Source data

****************************************

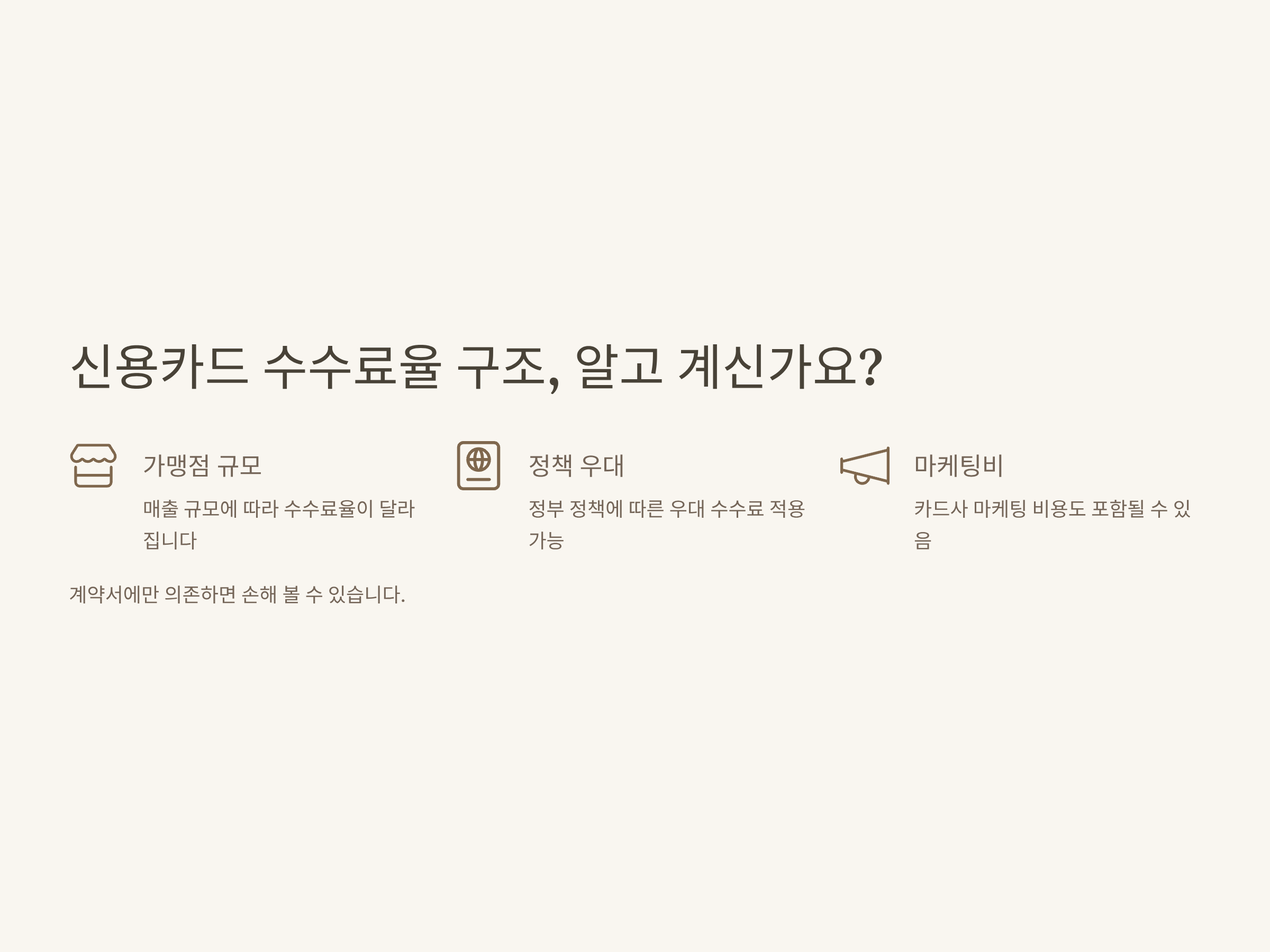 - 마케팅 비용 포함 여부: 일부 대형 가맹점은 카드사 마케팅비도 수수료에 반영
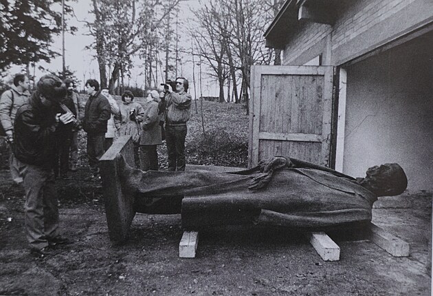 Vyzvednutí sochy T. G. Masaryka z garáže v areálu zámeckého parku v Klečůvce u Zlína. Fotografie je z knihy Moje svědectví o listopadových událostech 1989 ve Zlíně. Autor knihy František Bobák
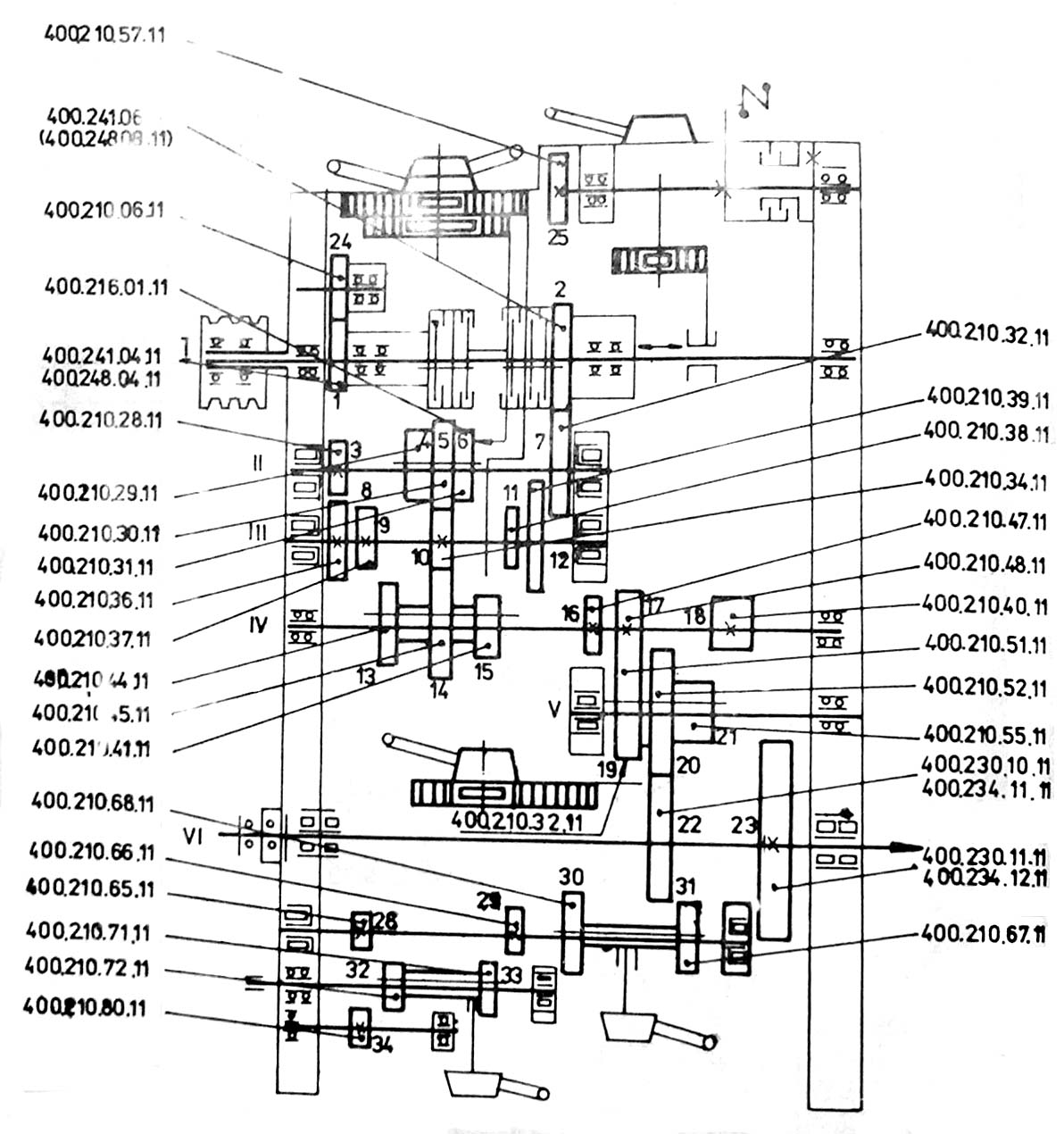 Схема кінематична токарно-гвинторізного верстата SN-402, SN-502. Дивитись у збільшеному масштабі
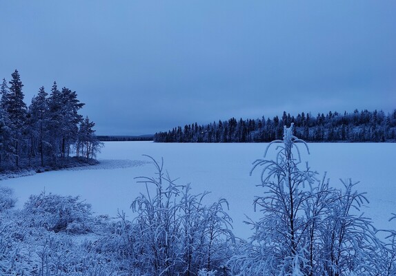 Livojärvi auringonlaskun aikaan. - 14 °C ❄️
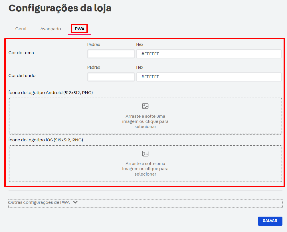 1. Em Outras configurações de PWA, preencha os campos conforme orientações abaixo:
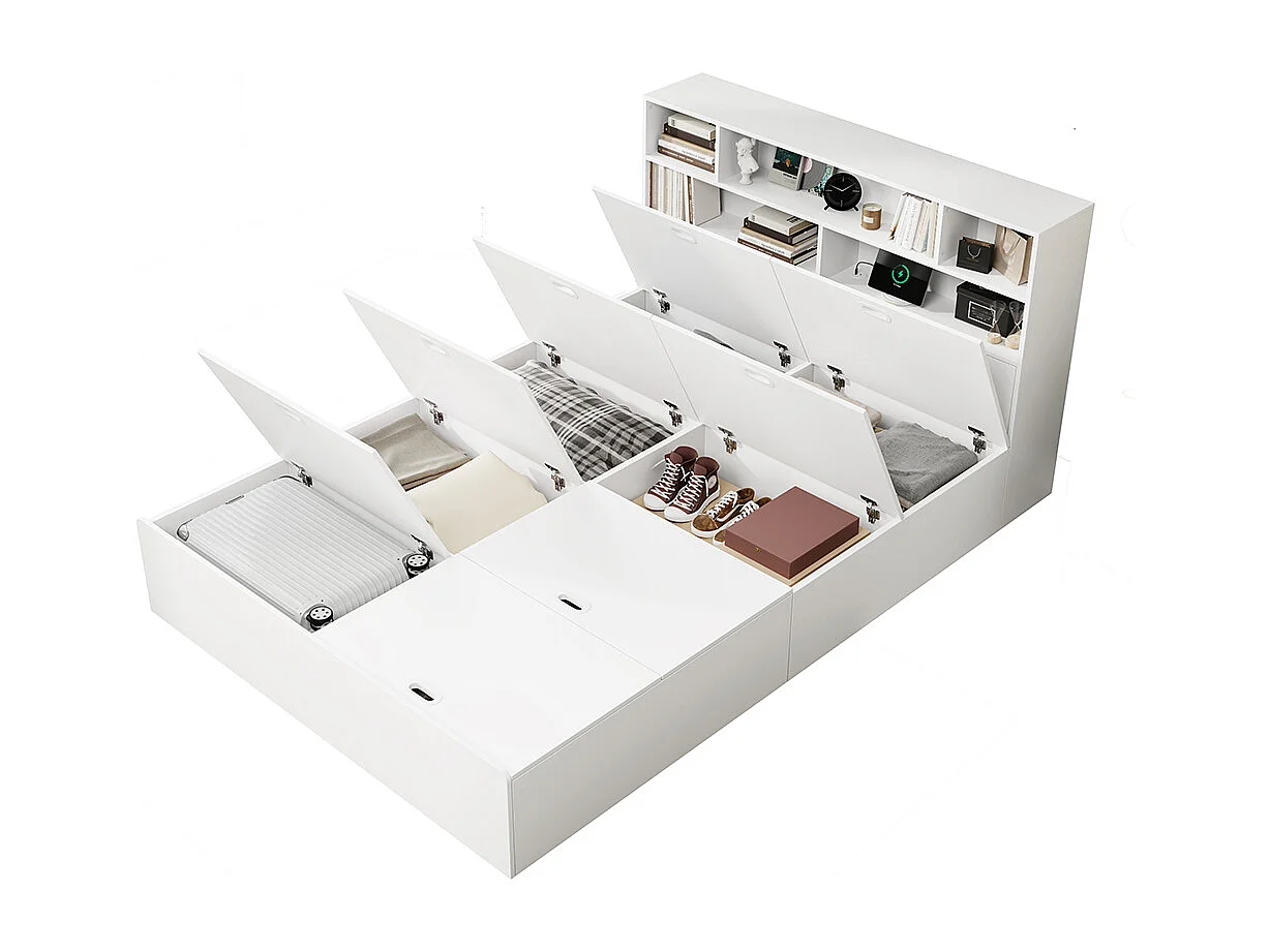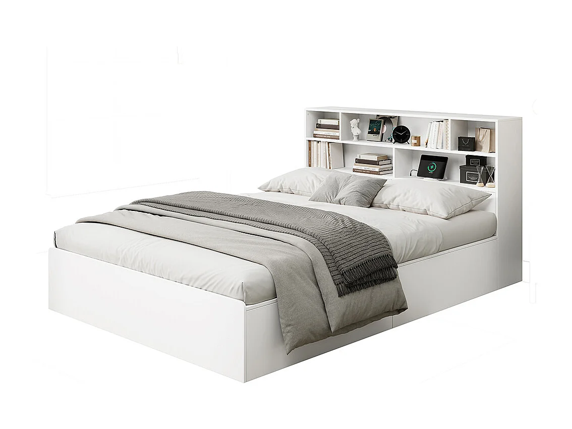 Lit avec rangement 140x200 cm lit double avec port USB avec coffre de rangement sous le lit avec espace de rangement blanc

****************************************

§ **Work task**
Write the records out again verbatim and omit the pictures they contain.

§ **Result**
 - 마케팅 비용 포함 여부: 일부 대형 가맹점은 카드사 마케팅비도 수수료에 반영
 Vyzvednutí sochy T. G. Masaryka z garáže v areálu zámeckého parku v Klečůvce u Zlína. Fotografie je z knihy Moje svědectví o listopadových událostech 1989 ve Zlíně. Autor knihy František Bobák
 Схема кінематична токарно-гвинторізного верстата SN-402, SN-502. Дивитись у збільшеному масштабі
 Livojärvi auringonlaskun aikaan. - 14 °C ❄️
 1. Em Outras configurações de PWA, preencha os campos conforme orientações abaixo:
 Lit avec rangement 140x200 cm lit double avec port USB avec coffre de rangement sous le lit avec espace de rangement blanc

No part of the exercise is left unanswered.